Guys, be grateful for your lives and go out and speak with people, one day this magic substance might be found, but I am more convinced that it will come from machine/human merger that from substances. Good or bad, that is the most likely future.


> - tried melantonin, calming teas, etc etc, bullshit, money wates

Melatonin, while not effective for everyone, should not be grouped together with "bullshit money wastes" in my opinion.

> Guys, be grateful for your lives and go out and speak with people, one day this magic substance might be found, but I am more convinced that it will come from machine/human merger that from substances. Good or bad, that is the most likely future.

This is a very positive outlook, but bear in mind how reality changes for people who are deprived of sleep. As I'm sure you know it becomes a state of desperation. So while you may not want foreign stuff / substances in your body, others are definitely willing to make the sacrifice, even if that doesn't mean good sleep indefinitely. Other people may be willing to be dependent on substances in order to feel rested, for example. Myself included.

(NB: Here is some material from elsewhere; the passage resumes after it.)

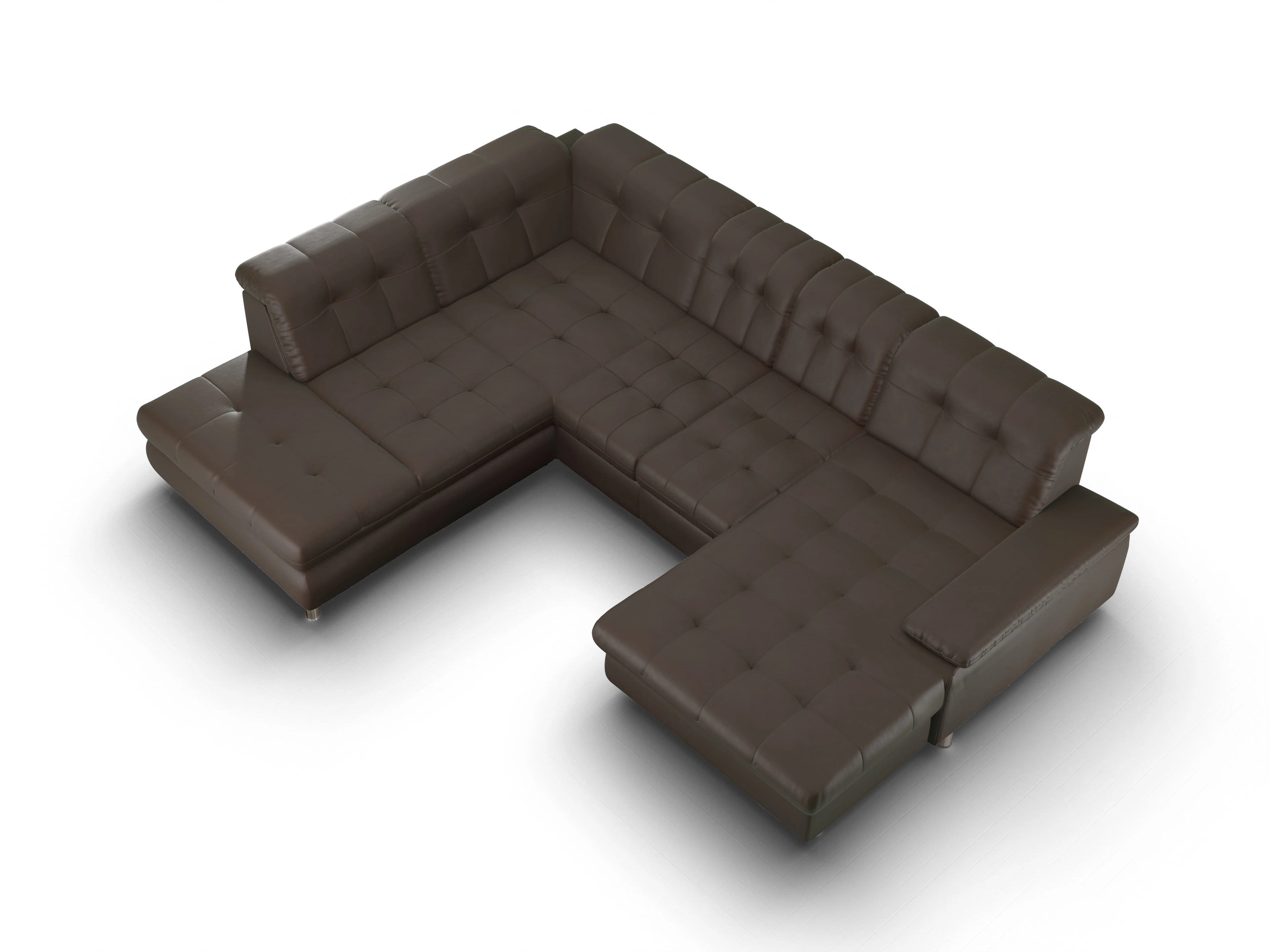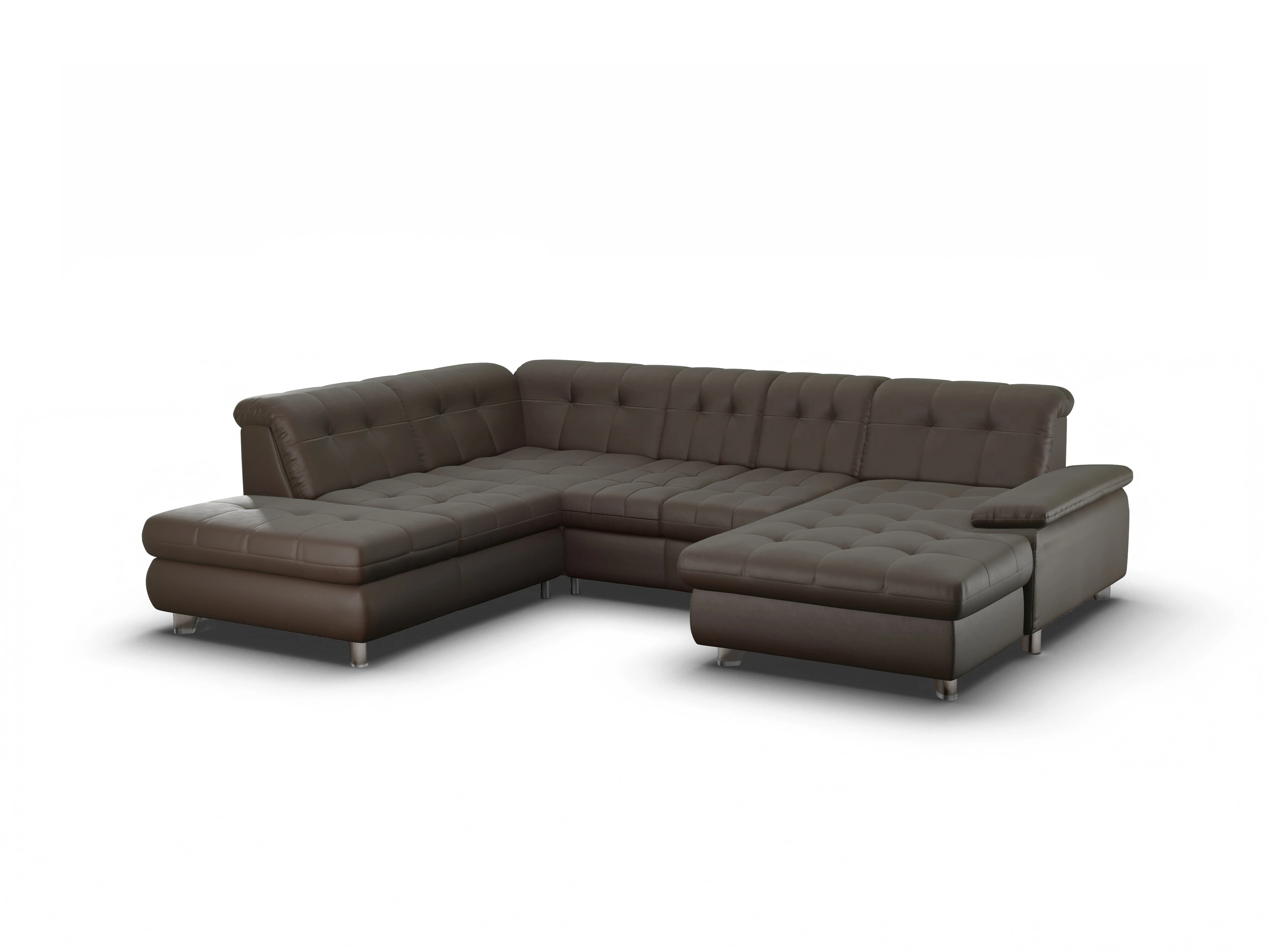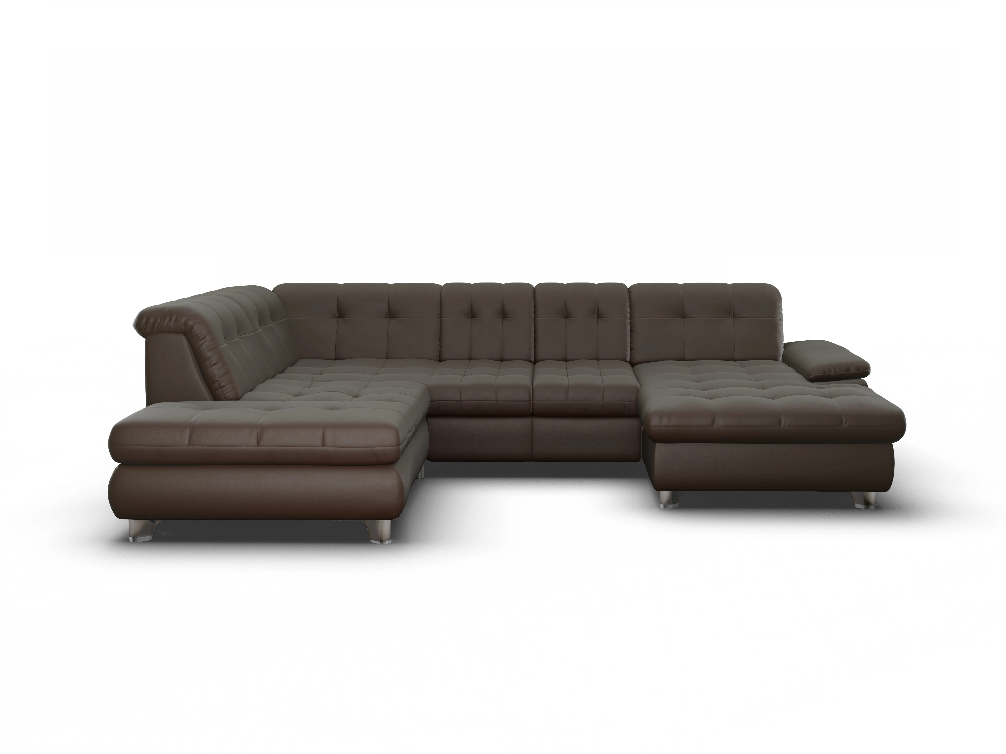 Die Wohnlandschaft besteht aus einem 1,5-Sitzer Anstellhocker links, wahlweise mit Stauraum und Schubkasten, einer Spitzecke, einem 2-Sitzer mittig, wahlweise mit einer Schlaffunktion und Canape mit Armlehne, ebenfalls mit möglichem Stauraum. Der 2-Sitzer, das Canape und der Anstellhocker kommen mit einer Sitztiefenverstellung.

> I am more convinced that it will come from machine/human merger that from substances. Good or bad, that is the most likely future.

Curious, what kind of machine/human concept are you thinking of?


>1.5 to 2 hour intense weightlifting workout

How do you manage doing intense work for 2 hours? Professional hockey players don't even do that kind of work on game night.

Edit: I see a few people are asking the exact same question. Guess I should read first.


You have 3.5-5 hours a day to work out? I want your job. Also, as a former competitive weightlifter, if you are lifting intense for 1.5-2 hours, you are doing it wrong.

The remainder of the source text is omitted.